Android Dialogs HOWTO
I read almost everything from Android dev site here, and you should too. Here I summarize some practices that I find reasonable for my project.
Make it a separate class
I need multiple dialogs in the application, most of them contain some text description, and either one “OK” button, or two buttons (“YES” or “NO”). If you have multiple similar dialogs like I do, you should make a generic class extend DialogFragment, and make different dialogs based on it. Otherwise, you have to define a lot of dialogs and lots of duplicate code.
A class for dialog would look like this:
public class TwoButtonDialogFragment extends DialogFragment {
....
@Override
public Dialog onCreateDialog(Bundle savedInstanceState) {
AlertDialog.Builder builder =
new AlertDialog.Builder(getActivity());
builder.setMessage(...)
.setTitle(...)
.setIcon(...)
.setPositiveButton(...)
return builder.create();
}
}The onCreateDialog is responsible for making the dialog.
A constructor of the class
To customize the dialog (e.g. different messages, title, etc) one needs to pass arguments into the constructor of the class.

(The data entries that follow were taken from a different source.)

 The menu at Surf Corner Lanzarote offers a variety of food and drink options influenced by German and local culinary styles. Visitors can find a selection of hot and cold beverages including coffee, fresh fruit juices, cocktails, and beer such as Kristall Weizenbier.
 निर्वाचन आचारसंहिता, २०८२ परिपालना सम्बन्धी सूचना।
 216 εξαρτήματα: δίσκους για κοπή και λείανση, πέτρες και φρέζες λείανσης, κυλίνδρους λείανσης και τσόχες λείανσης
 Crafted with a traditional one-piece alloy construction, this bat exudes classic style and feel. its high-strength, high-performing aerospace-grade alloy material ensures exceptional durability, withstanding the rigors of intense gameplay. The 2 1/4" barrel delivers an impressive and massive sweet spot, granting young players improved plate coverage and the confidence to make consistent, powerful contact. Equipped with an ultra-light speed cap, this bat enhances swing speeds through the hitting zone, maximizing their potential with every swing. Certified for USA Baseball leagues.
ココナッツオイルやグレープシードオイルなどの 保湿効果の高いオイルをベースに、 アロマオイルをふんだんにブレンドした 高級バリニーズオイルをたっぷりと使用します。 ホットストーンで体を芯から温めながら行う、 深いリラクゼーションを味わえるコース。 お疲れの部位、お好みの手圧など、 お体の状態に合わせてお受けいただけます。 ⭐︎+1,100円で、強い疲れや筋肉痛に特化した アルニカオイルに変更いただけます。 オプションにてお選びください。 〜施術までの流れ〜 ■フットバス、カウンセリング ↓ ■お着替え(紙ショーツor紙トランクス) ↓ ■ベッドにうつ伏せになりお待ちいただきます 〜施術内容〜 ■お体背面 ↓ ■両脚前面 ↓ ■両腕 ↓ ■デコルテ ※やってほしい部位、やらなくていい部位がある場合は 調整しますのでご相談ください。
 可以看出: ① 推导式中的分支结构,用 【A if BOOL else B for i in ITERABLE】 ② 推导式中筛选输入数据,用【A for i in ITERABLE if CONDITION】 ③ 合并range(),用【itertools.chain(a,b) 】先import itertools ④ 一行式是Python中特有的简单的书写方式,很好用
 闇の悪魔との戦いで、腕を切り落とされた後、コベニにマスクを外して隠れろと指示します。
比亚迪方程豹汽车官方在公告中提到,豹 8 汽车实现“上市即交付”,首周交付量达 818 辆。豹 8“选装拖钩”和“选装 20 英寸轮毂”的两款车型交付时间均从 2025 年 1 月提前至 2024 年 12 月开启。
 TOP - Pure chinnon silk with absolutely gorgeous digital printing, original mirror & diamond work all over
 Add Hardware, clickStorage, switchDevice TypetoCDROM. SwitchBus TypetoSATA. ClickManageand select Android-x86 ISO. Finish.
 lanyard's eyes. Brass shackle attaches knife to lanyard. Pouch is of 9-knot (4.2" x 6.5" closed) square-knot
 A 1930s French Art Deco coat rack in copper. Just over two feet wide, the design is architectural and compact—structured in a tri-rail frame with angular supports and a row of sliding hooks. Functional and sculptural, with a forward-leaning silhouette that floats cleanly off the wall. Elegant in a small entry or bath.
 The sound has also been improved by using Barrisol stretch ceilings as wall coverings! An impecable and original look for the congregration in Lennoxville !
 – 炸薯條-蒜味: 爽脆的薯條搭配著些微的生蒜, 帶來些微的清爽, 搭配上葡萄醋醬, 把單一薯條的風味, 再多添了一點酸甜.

DialogFragment class supports static constructor:
public static TwoButtonDialogFragment newInstance(Account account, String message) {
TwoButtonDialogFragment f = new TwoButtonDialogFragment();
// Supply account_type argument
Bundle args = new Bundle();
args.putString("message", message);
f.setArguments(args);
return f;
}And in onCreateDialog call getArguments().getString("message"); to retreive the argument you put in.
Note now you have create the dialog like this:
TwoButtonDialogFragment accountinfodialog =
TwoButtonDialogFragment.newInstance(account.getDescription());And show it:
String dialog_tag = "accountinfodialog";
FragmentManager fm = getSupportFragmentManager();
accountinfodialog.show(fm, dialog_tag);Now you can create different dialogs at different places as you like. The dialog_tag is very important as it helps you identify different dialogs if for example you have created several in one activity.
Pass onClick event back to activity
I need the activity which starts the dialog to do stuff after people click buttons on the dialog, therefore it would be convenient if we could directly implement the onClick function in the activity, to let activity do their stuff.
To have such functon, the DialogFragment should have a public interface for the onCLickListener it has. Then other acitivies just have to implement the interface and its functions.
A public interface for two button dialog could look like this:
public interface TwoButtonDialogListener {
public void onDialogPositiveClick(DialogFragment dialog);
public void onDialogNegativeClick(DialogFragment dialog);
}Also add onAttach to the dialog class:
// Use this instance of the interface to deliver action events
TwoButtonDialogListener mListener;
// Override the Fragment.onAttach() method to
// instantiate the TwoButtonDialogListener
@Override
public void onAttach(Activity activity) {
super.onAttach(activity);
// Verify that the host activity implements the callback interface
try {
// Instantiate the TwoButtonDialogListener
// so we can send events to the host
mListener = (TwoButtonDialogListener) activity;
} catch (ClassCastException e) {
// The activity doesn't implement the interface, throw exception
throw new ClassCastException(activity.toString()
+ " must implement TwoButtonDialogListener");
}
}In the onClick function of onCreateDialog, then you just add mListener.onDialogPositiveClick(TwoButtonDialogFragment.this);, so that the class know the onClick function will be implemented by whoever implements the interface.
Now in other activities, they need to add implements TwoButtonDialogListener at the class definition, and implements the two functions, if it is for the TwoButtonDialogListener interface.